Conduits of steady-state autocatalytic plumes
Michael C. Rogers, Mick D. Mantle, Andrew J. Sederman, and Stephen W. Morris

Plumes are typically formed when a continuous source of buoyancy is supplied at a localized source. We studied laminar plumes where buoyancy is supplied by an autocatalytic chemical reaction: the iodate - arsenous acid (IAA) reaction. The nonlinear kinetics of the IAA reaction produces a sharp propagating front at which buoyancy is produced by exothermicity and compositional change. When the reaction is initiated in an unconfined volume of reactant, a starting plume with a mushroom shaped head connected to the initiation point by a long conduit is formed.
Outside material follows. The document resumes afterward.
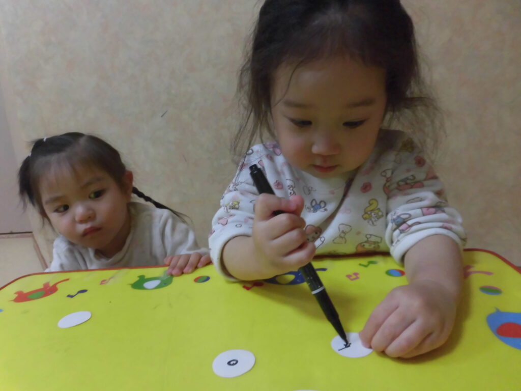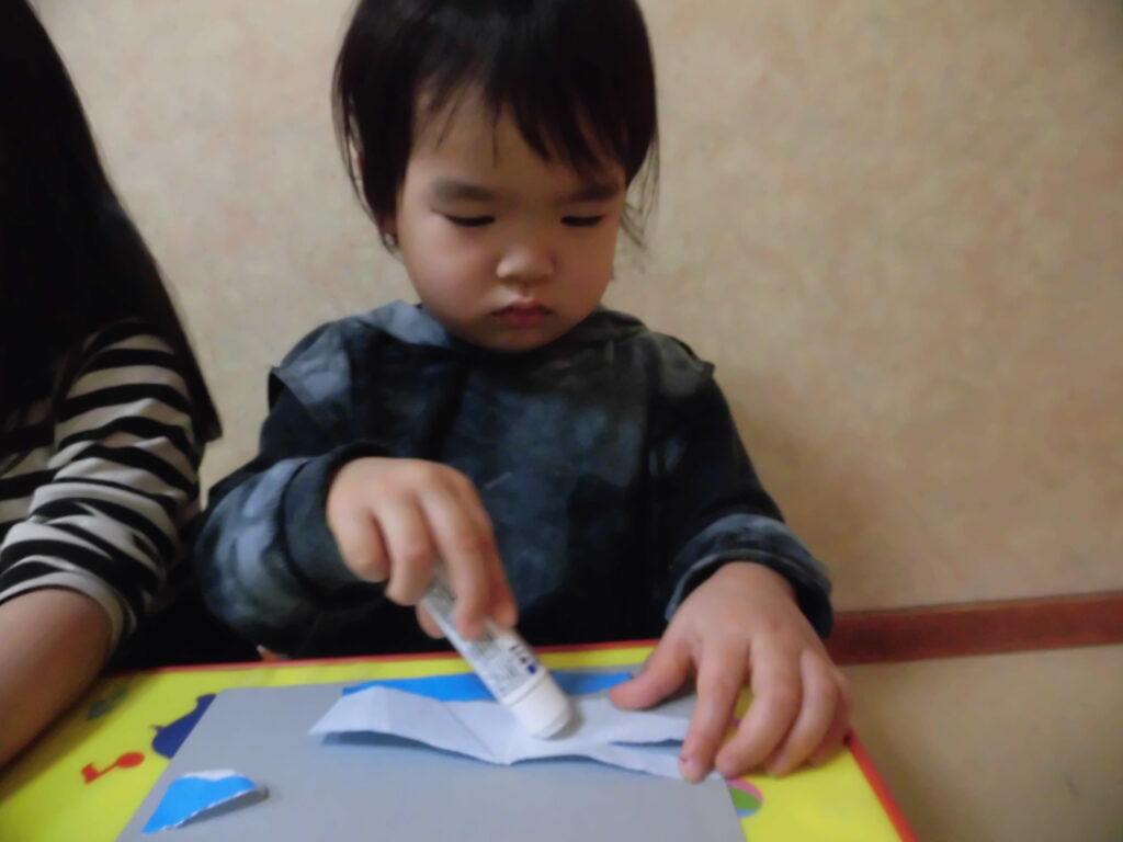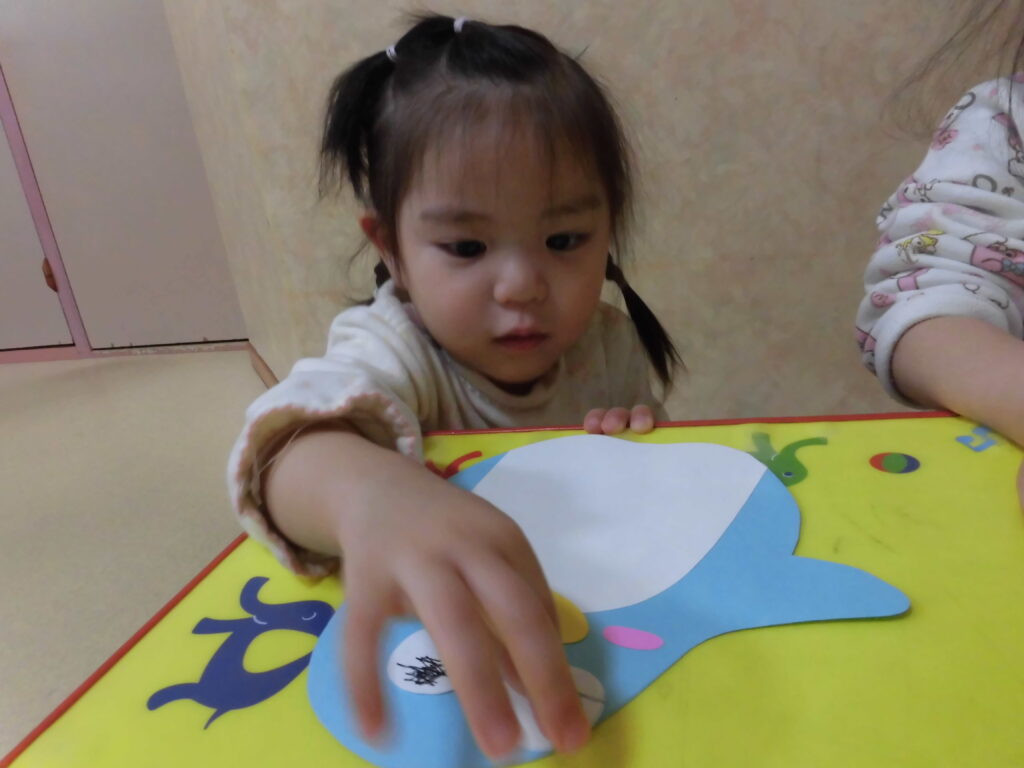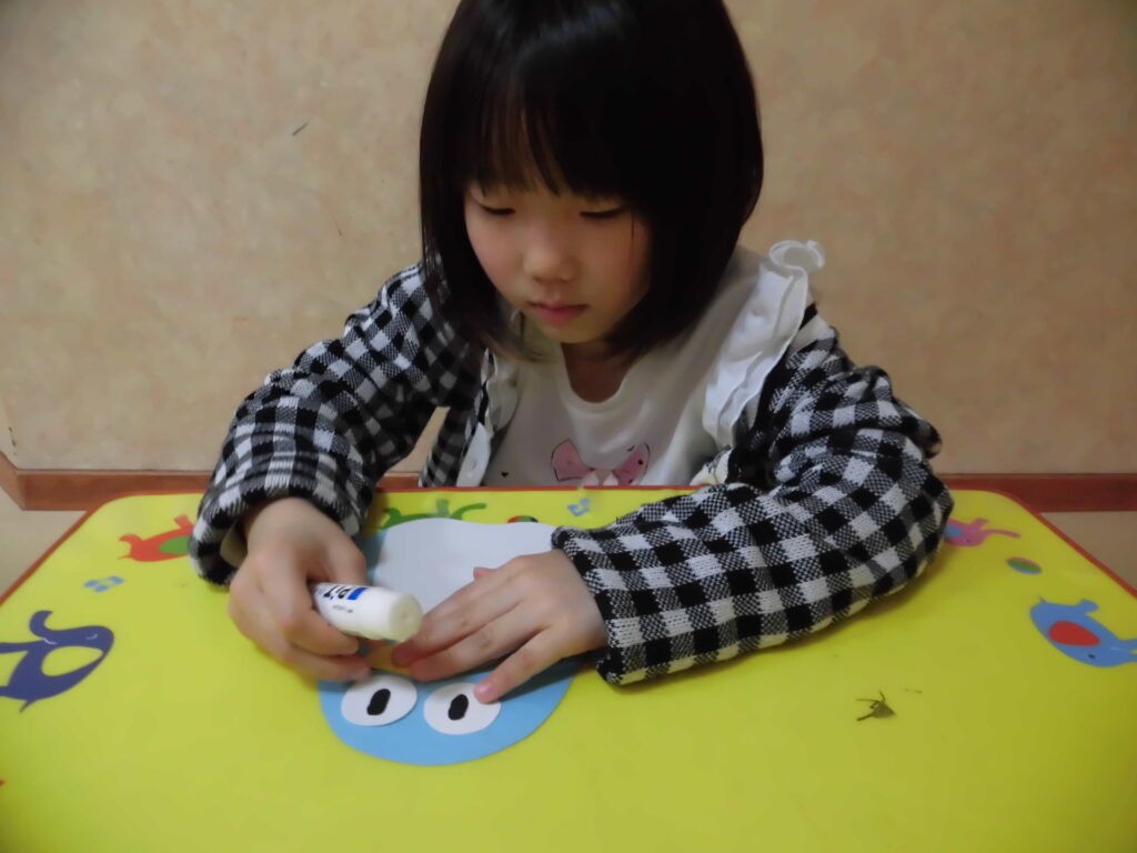 2才までの子はおめめを書いて、のりでぺたっと貼りました!
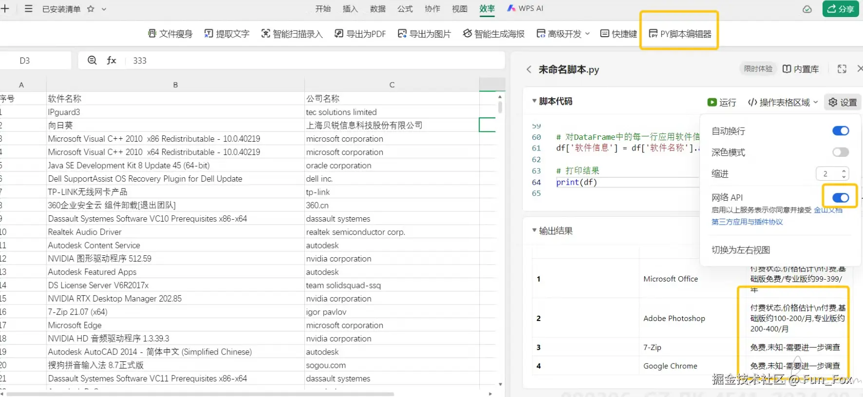 office 由于本人本地电脑没有装,所以想了一个替代方案,用 WPS 云文档的 PY 脚本编辑

After the initial transient during the ascent of the head, we observed the emergence of a steady state in the conduit morphology and flow. Autocatalytic plumes were compared to non-reacting, compositionally buoyant plumes using GERVAIS, an MRI velocimetric technique. Autocatalytic conduits had axisymmetric bimodal velocity profiles and cone-shaped morphologies, in contrast to the Gaussian profiles and cylindrical shapes of non-reacting conduits. The bimodal distribution for autocatalytic plumes is a consequence of the unique effect of entrainment in this system. Rather than the usual effect of entrainment in non-reacting plumes, where less buoyant fluid is incorporated into the plumes, entrainment in autocatalytic plumes provides a buoyancy flux along the entire conduit by means of chemical reaction, thereby delocalizing the buoyancy source.

© 2008 The American Physical Society.